Não se trata de coisas opostas, como hoje geralmente se pensa. Não são nenhumas contradições,
nenhumas contradições insolúveis. Porque nós hoje, sobretudo nos nossos círculos instruídos,
pensamos demasiado pouco organicamente e sentimos sempre a aflição: quando se cultiva, de um
modo especial, a Aliança com a Mãe de Deus, pensa-se que isso não deveria acontecer, sem que,
por esse motivo, a Aliança de Amor com Cristo e com o Deus Trino, com o Pai, passe para o
segundo plano. Dá-se o inverso! Quanto mais sólida, mais profunda a Aliança de Amor com a Mãe
de Deus, tanto mais segura, tanto mais vigorosa a Aliança de Amor com Cristo e com Deus Pai!
Portanto, o Pai quer que a Mãe de Deus nos conduza a Ele, que a Aliança de Amor com a querida
Mãe de Deus se manifeste de um modo especial como Aliança de Amor com o Pai.

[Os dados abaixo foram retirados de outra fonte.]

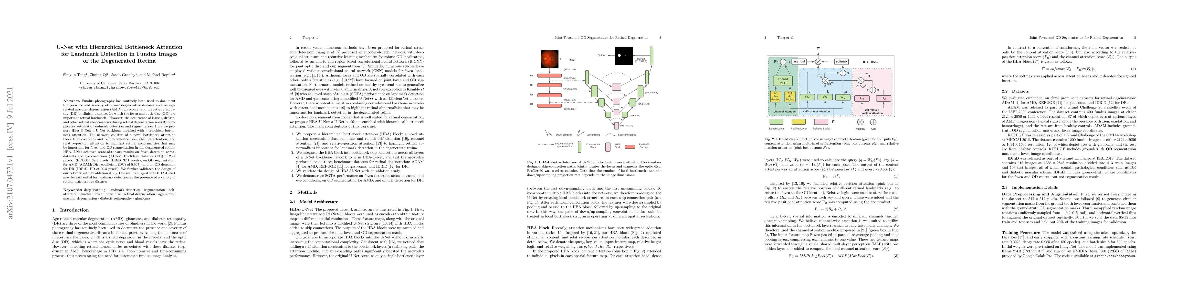 This paper proposes HBA-U-Net, a U-Net model enhanced with hierarchical bottleneck attention for detecting retinal landmarks in fundus images of degenerated retinas. The network achieves state-of-the-art results in fovea and optic disc detection across various datasets, indicating its effectiveness in handling retinal abnormalities.

Depois, em segundo lugar: Nós mesmos temos o anseio disso. Porquê? Ah, quando de repente
pensamos: a humanidade actual encontra-se numa extraordinária fuga de Deus. Vocês já
arriscaram uma vez a palavra: O homem de hoje, a humanidade é uma sociedade assassina de
Deus. E o próprio Deus? Ele retira-se sempre de novo, cada vez mais e mais; ora isto está a tornarse incompreensível, pois permite tanta cruz e sofrimento. Por isso, quando a imagem de Deus já
não brilha como imagem de Pai, nós temos a ânsia de consolidar de novo em nós a imagem de
Deus. Mais precisamente ainda, na preparação que vocês têm na mão, estão os pensamentos tão
belamente interpretados, que não preciso de os repetir. De facto vocês compreendem, nós
precisamos agora não só simplesmente duma imagem de Deus, que solidamente apreendemos,
não só da imagem do justo querido Deus Pai, mas também da imagem de Pai, do Pai
misericordioso!
Devemos reparar bem nisto: todos nós, sobretudo os mais velhos dentre nós, por quanto
sofrimento não passámos já na nossa vida! E, muitas vezes, quão débeis somos nós fisicamente,
moralmente, religiosamente! Se agora não tivermos diante dos olhos a imagem de Deus Pai como
imagem do Pai misericordioso e, como podemos ler aqui no texto, não virmos também de novo
transformada a imagem do débil, miserável e miserando filho do Pai então, com o tempo, todos
nos chegaremos a ser fugitivos de Deus, porque não podemos mais domar a vida. Portanto, não só
o Pai quer que a Aliança de Amor com a Mãe de Deus conflua na Aliança de Amor com o Pai, mas
também nós por isso ansiamos.
Em terceiro lugar, a Família precisa disto. Por favor não esqueçam: a Família, como todo, não nos
dá apoio nenhum na actual situação, então ela não tem em si muito sentido, então ela é uma
79
grande brincadeira, como hoje tantas comunidades são. Em suma, hoje precisamos de apoio;
apoio em três pontos determinantes, que são processos de vida:
Apoio
numa
comunidade
religiosa
verdadeiramente
saudável.
A
uma
comunidade
verdadeiramente saudável pertence hoje, dado que o mundo se encontra em fuga de Deus, o
incessante gravitar em torno do pai.
Nós devemos procurar apoio num conhecimento claro. De tudo o que antes ouvimos, de todas as
oferendas que foram feitas percebemos como o conhecimento religioso, o conhecimento de
Schoenstatt, cresceu. No futuro, temos de voltar a ver e a dizer este testemunho; devemos, por
isso começar já de modo a que estejamos em condições de enfrentar aqueles que, no seu
pensamento mecanicista, não sabem como estes nexos religiosos, em pormenor, se manifestam.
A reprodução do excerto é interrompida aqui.